Graphs can be stored in many different ways: a relational database, key value store, or graph database. Many people start using graphs with a small-scale prototype. This typically starts out well but becomes challenging as the data scale increases. Graph-based workloads tend to have a high degree of random access. The number of nodes visited increases significantly as you traverse relationships (graph fan-out), and the data required to answer a graph query are often not cached in memory (non-locality). Even seemingly simple graph queries can require accessing and scanning a large amount of data. This means that scaling and operating graph databases often requires significant manual performance tuning and optimization.

People who use a relational database or a key value store for a graph must use SQL joins (or an equivalent) to query the relationships. Because joins can execute slowly, they often must denormalize their data model (in other words, improve read performance at the expense of write performance). However, with a denormalized data model, each new relationship added requires a data model change and reduces the pace of development.

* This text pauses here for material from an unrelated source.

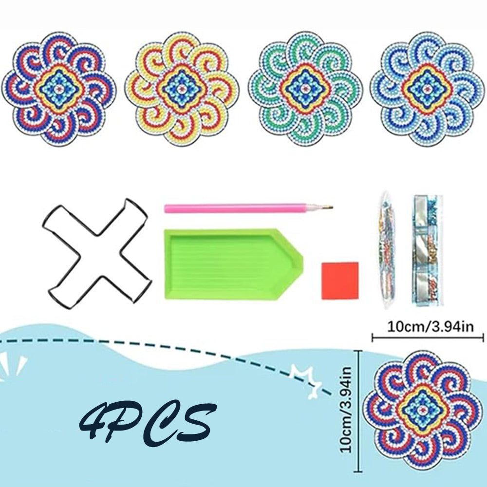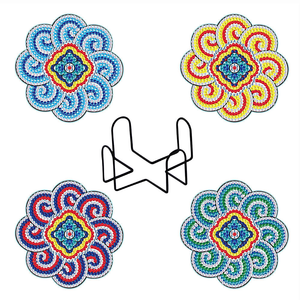 4Stück Spiralförmige Linie Mandala Diamond Painting Untersetzer

Graph databases are purpose-built to store graphs and allow data in the nodes to be directly linked and the relationships to be directly queried. This makes it easy to create new relationships without data denormalization, and makes it easier for developers to update their data models for applications that must query highly connected data. It dramatically improves query performance for navigating data relationships.